START THE DATA

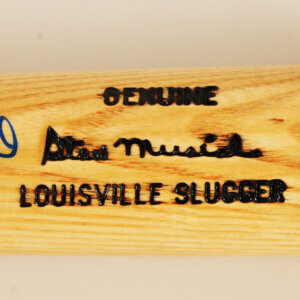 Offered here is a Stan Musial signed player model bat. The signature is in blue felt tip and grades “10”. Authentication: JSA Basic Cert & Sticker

END THE DATA
START THE DATA

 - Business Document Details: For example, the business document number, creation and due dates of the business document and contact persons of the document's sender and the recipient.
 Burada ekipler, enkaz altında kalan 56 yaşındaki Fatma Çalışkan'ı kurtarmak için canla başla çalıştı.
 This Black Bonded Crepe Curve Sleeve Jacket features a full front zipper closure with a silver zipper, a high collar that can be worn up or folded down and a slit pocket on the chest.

END THE DATA
START THE DATA

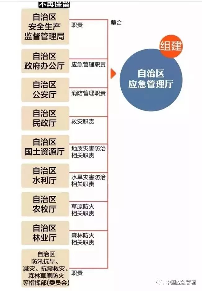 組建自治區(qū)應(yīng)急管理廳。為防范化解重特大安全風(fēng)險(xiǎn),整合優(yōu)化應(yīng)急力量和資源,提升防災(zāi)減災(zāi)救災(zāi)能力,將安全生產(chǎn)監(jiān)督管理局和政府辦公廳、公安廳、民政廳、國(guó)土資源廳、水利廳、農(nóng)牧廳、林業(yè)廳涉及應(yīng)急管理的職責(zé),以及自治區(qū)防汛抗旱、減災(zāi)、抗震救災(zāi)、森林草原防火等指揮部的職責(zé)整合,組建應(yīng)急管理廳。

END THE DATA

Output should match, line for line, the stretch of the material above from the line holding "Burada ekipler, enkaz" through the line holding "This Black Bonded".

 Burada ekipler, enkaz altında kalan 56 yaşındaki Fatma Çalışkan'ı kurtarmak için canla başla çalıştı.
 This Black Bonded Crepe Curve Sleeve Jacket features a full front zipper closure with a silver zipper, a high collar that can be worn up or folded down and a slit pocket on the chest.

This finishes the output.